Solicitor General Tushar Mehta, representing the central government, told the bench that blocked bots can simply mirror themselves into a fresh bot automatically, making channel-by-channel takedowns a losing game of whack-a-mole. That argument echoed an earlier finding from the same court that Section 69A gives authorities power to block an entire platform outright, not merely specific posts or channels found unlawful.
Telegram pushed back hard, telling the court it had already removed more than 900 links connected to unlawful NEET-related material and had deployed AI and machine-learning tools to catch this content before it spread. The company's founder and CEO, Pavel Durov, argued publicly that the shutdown punishes more than 150 million ordinary Indian users for the actions of a small number of people allegedly behind the original leak.
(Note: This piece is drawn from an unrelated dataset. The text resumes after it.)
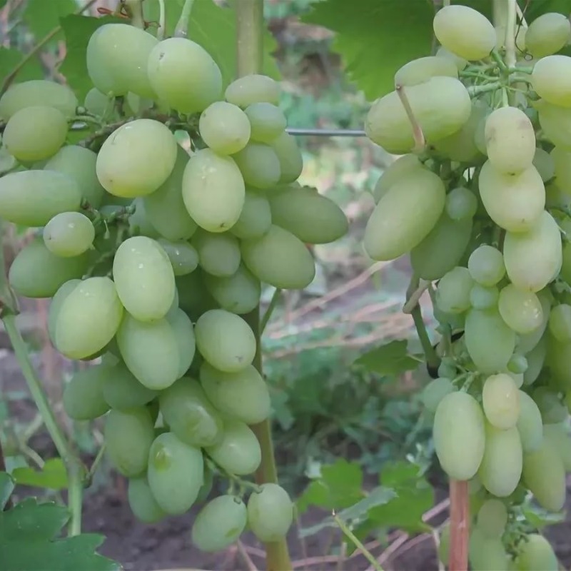 Гроздь 400-600. Тонкокожие ягоды белого или янтарного цвета, конические, довольно крупные, имеют заостренный кончик, умеренно плотные. Масса 6-8 г.

That tension surfaced inside the courtroom too. During the hearing, the judge had put the question to the government's counsel fairly pointedly. In the end, though, the court sided with the government's position that the scale of potential disruption to a national entrance exam — and the risk of triggering a fresh public-order crisis if rumors of another leak took hold — outweighed the inconvenience to the wider user base for a few days.
The blocking order traces back to recommendations from the National Testing Agency and the Department of Higher Education, which both flagged Telegram as a primary channel through which leak rumors and unverified exam material were circulating ahead of the re-test. With the court's blessing now secured, the platform will remain inaccessible in India through June 22, with editing restrictions on exam-related content lingering a week longer, until June 30.
The case, formally titled Telegram FZ LLC & Anr v. Union of India & Ors, is likely to be cited going forward whenever Indian authorities consider blunt, platform-wide shutdowns rather than narrower content removal during future exam-related panics or public-order concerns.